Facebook, Google, Amazon and Apple have started handing over data to US lawmakers who are investigating whether the firms have breached competition laws.
The House of Representatives’ Judiciary Committee launched what it called a “top to bottom” antitrust probe against the Silicon Valley giants in July. Spokespeople revealed on Tuesday night (15 October) that the committee had received initial submissions from the companies.
“While we do not yet have all of the information we requested, we expect that all four companies will provide the information in short order,” senior committee members said in a statement reported by Reuters. “We look forward to their continued compliance with the committee’s investigation.”
When the probe was launched over summer, Democratic Representative David Cicilline told CNN that it would be a wide-ranging assessment of the “tremendous concentration of market power” within Silicon Valley, rather than a review of individual companies.
US lawmakers and regulators’ relationship with Silicon Valley has deteriorated over the last eighteen months, as concerns about competition and data abuse have grown in the wake of the Cambridge Analytica scandal.

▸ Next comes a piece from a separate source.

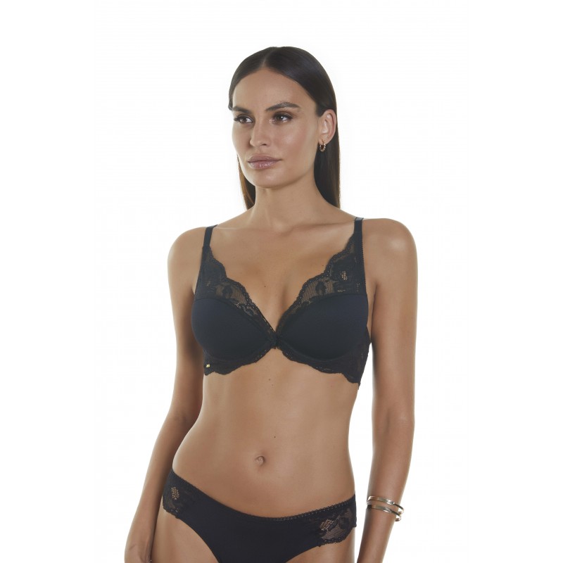 Semi-bralette with deep neckline. Shapes and enhances. A new design with floral lace and romantic aesthetics, which is also characterized by its comfort.

While the European Union has historically been more aggressive in its approach to companies such as Apple and Google, a number of tech competition probes have been launched in the US in 2019.

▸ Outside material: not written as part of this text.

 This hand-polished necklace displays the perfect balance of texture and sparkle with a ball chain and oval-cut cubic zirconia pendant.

The Justice Department has opened investigations into Facebook and Google, as well as a broader review of Big Tech. A number of US states have also banded together to probe the companies.
As NS Tech reported in September, around 30 states have joined forces to investigate Google’s impact on privacy and competition, while so far eight states have joined a Facebook probe.
Facebook, Google, Amazon and Apple have been contacted for comment and we will update this piece if they respond.
The Judiciary Committee’s antitrust subcommittee said it would hold further hearings, discussion and roundtables in the months to come.